**What you need to do**: Every line of the listing is returned unchanged, and every picture is dropped.

**Data provided**:
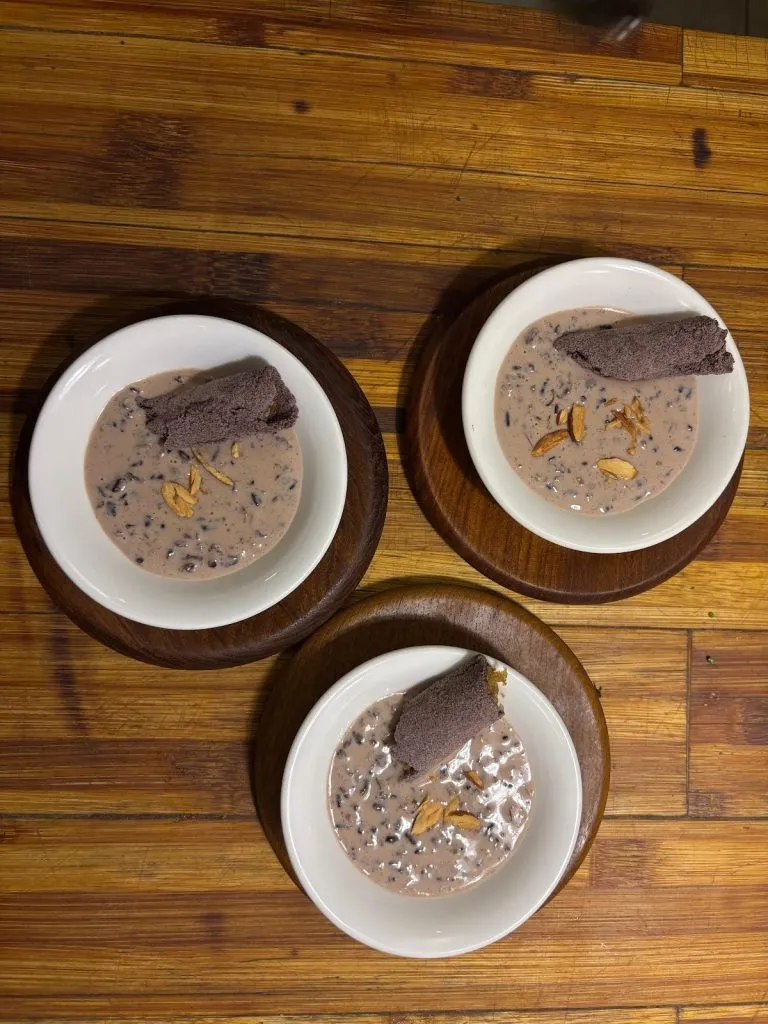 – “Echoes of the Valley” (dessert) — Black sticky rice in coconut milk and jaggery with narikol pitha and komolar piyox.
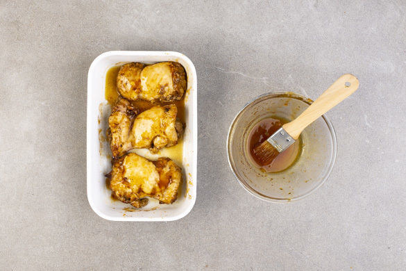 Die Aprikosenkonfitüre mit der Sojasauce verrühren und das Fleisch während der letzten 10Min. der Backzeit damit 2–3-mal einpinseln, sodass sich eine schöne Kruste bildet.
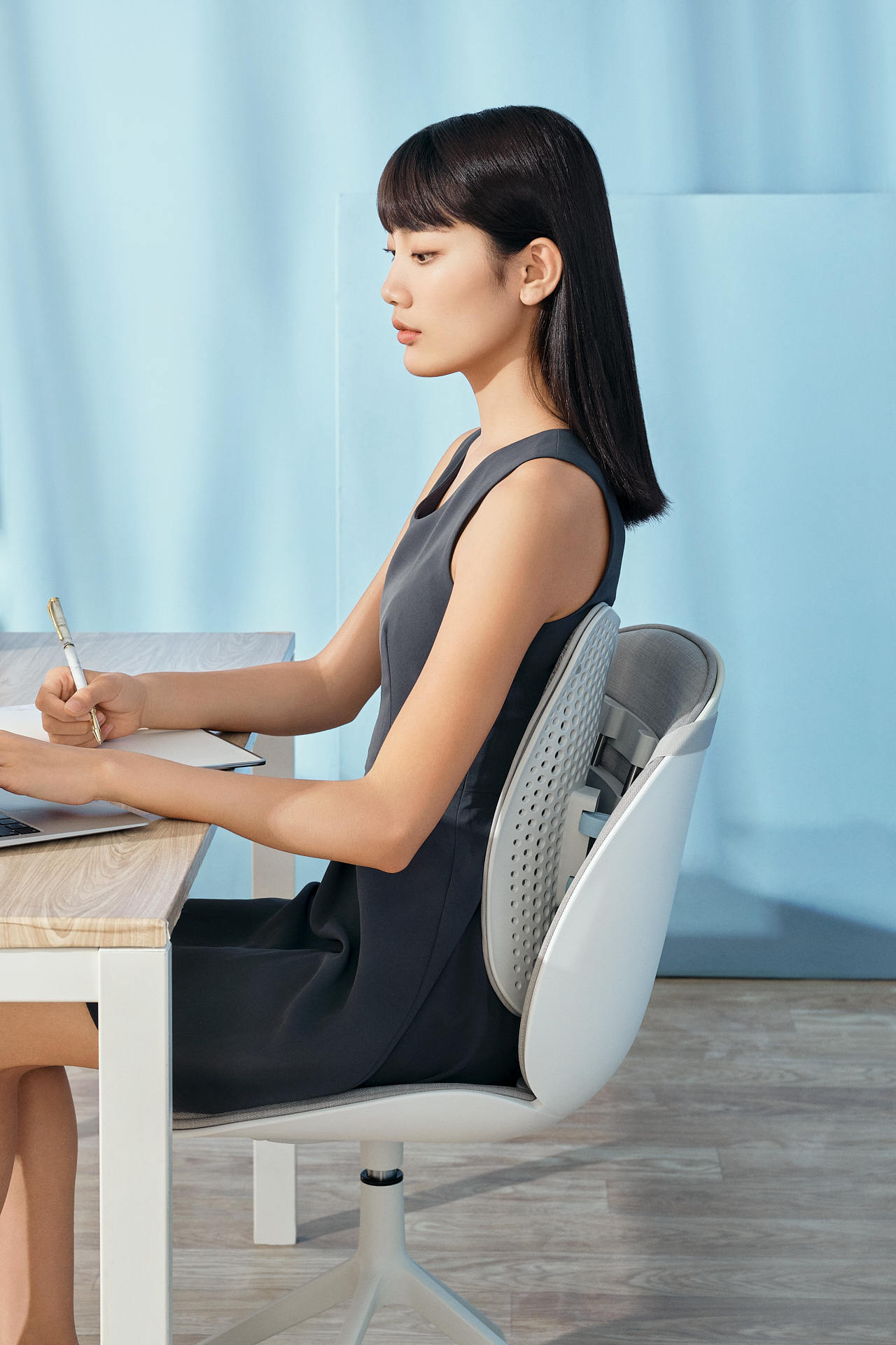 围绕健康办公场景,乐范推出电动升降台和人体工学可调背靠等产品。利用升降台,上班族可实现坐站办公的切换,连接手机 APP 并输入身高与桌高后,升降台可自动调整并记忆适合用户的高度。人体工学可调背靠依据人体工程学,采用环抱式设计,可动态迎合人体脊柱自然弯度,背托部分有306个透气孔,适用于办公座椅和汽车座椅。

**Result below**:
 – “Echoes of the Valley” (dessert) — Black sticky rice in coconut milk and jaggery with narikol pitha and komolar piyox.
 Die Aprikosenkonfitüre mit der Sojasauce verrühren und das Fleisch während der letzten 10Min. der Backzeit damit 2–3-mal einpinseln, sodass sich eine schöne Kruste bildet.
 围绕健康办公场景,乐范推出电动升降台和人体工学可调背靠等产品。利用升降台,上班族可实现坐站办公的切换,连接手机 APP 并输入身高与桌高后,升降台可自动调整并记忆适合用户的高度。人体工学可调背靠依据人体工程学,采用环抱式设计,可动态迎合人体脊柱自然弯度,背托部分有306个透气孔,适用于办公座椅和汽车座椅。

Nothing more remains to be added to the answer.